Het Zweeds begon als een dialect van het Oude Noors, een taal die iedereen in Scandinavië begreep in het Vikingtijdperk. Rond de 12e eeuw begon het Zweeds langzaam te verschillen van de andere dialecten. Deze dialecten werden later wat we nu Noors, IJslands, Faeröers en Deens noemen. Het Zweeds is een Germaanse taal met enige overeenkomsten met het Engels vanwege de Vikingen die in de 10e eeuw Engeland binnenvielen. Het lijkt nog meer op het Duits en het Nederlands, mede door de Hanze van de Middeleeuwen, toen Zweden zeer openlijk handel dreef met Duitsland.
Er zijn drie karakters in de Zweedse taal die niet in het Engels worden gebruikt. Dit zijn å, ä en ö. De letter å is een klinkerklinker tussen [a] en [o], vergelijkbaar met het Engelse woord awe. De letter ä is een klinkerklank die lijkt op [ɛ], zoals in het Engelse woordbed. De letter ö is een klinkerklank tussen [o] en [ɛ], uitgesproken [øː], zoals de u in het Engelse woord burn. Deze karakters worden ook in het Fins gebruikt, terwijl de Noorse en Deense talen ä en ö vervangen door soortgelijke karakters æ en ø.

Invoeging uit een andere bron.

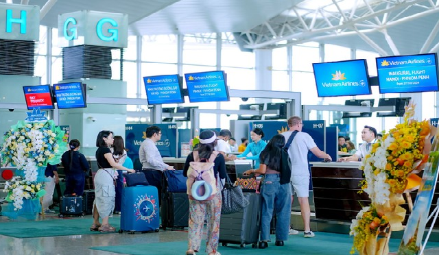 Vietnam Airlines vừa chính thức khai trương đường bay thẳng Hà Nội - Phnom Penh và trở thành hãng hàng không duy nhất của Việt Nam khai thác đường bay thẳng giữa thủ đô hai nước.

Het Zweeds heeft ook enkele belangrijke verschillen in de grammatica. Definitieve artikelen worden aan het einde van hun zelfstandige naamwoorden toegevoegd, zodat ett hus (een huis) huset (het huis) wordt. Ook in tegenstelling tot het Engels, gebruikt het Zweeds twee grammaticale geslachten, genaamd Common en Neuter. Zelfstandige naamwoorden van het gewone geslacht worden soms "en woorden" genoemd, en veel woorden voor levende (of eenmalig levende) dingen zijn "en woorden". Zelfstandige naamwoorden van het neutrale geslacht worden soms "ettwoorden" genoemd.
Voorbeeld van enkele woorden in het Zweeds
Zweedse | Engels |
Ett/En | Een |
Två | Twee |
Tre | Drie |
Fyra | Vier |
Vrouwelijk | Vijf |
Seks | Zes |
Sju | Zeven |
Åtta | Acht |
Nio | Negen |
Tio | Tien |
Ja | Ja |
Nej | Geen |
Jag | I |
Du | U |
Mig | Ik |
Han | Hij |
Hon | Zij |
Vi | Wij |
De/dem | Zij/hij |
Jag är | Ik ben |
Sverige | Zweden |
Hus | Huis |
Hem | Home |
Väg | Weg |
Björnar | Beren |
Hjälp | Help |
Basis Zweedse uitdrukkingen
God dag/Hej | Goedendag/Hello |
Hur mår du? | Hoe gaat het met je? |
Jag mår bh, tack | Heel goed, dank u. |
Tack | Dank u wel. |
Tack så mycket | Dank u wel. |
God morgon | Goedemorgen |
God eftermiddag | Goedenavond |
Hej då | Tot ziens |
Vragen en antwoorden
V: Welke taal wordt het meest gesproken in Zweden?
A: Zweeds (svenska) is de taal die het meest gesproken wordt in Zweden.
V: Hoeveel mensen spreken Zweeds?
A: Meer dan negen miljoen mensen spreken Zweeds.
V: Kan iemand die een Scandinavische taal spreekt de andere talen verstaan?
A: Ja, iemand die een van de andere Scandinavische talen verstaat, zoals Noors en Deens, kan de andere talen verstaan.
V: Zijn er lokale dialecten van het Zweeds?
A: Ja, er zijn enkele plaatselijke dialecten met verschillen in grammatica en woordenschat in kleine steden en plattelandsgebieden.
V: Wat is de oorsprong van het Zweeds?
A: Het Zweeds begon als een dialect van het Oudnoords, een taal die iedereen in Scandinavië in de Vikingtijd verstond. Rond de 12e eeuw ging het zich langzaam onderscheiden van andere dialecten.
V: Worden er in het Zweeds tekens gebruikt die in het Engels niet voorkomen?
A: Ja, er zijn drie tekens in het Zweeds die niet in het Engels worden gebruikt - å, ä en ö.
V: Welk grammaticaal geslacht gebruikt het Zweeds?
A: Naast het gewone en onzijdige geslacht, die afwijken van de Engelse grammaticaregels, hebben zelfstandige naamwoorden ook bepaalde lidwoorden aan hun uiteinden toegevoegd om ze verder van elkaar te onderscheiden.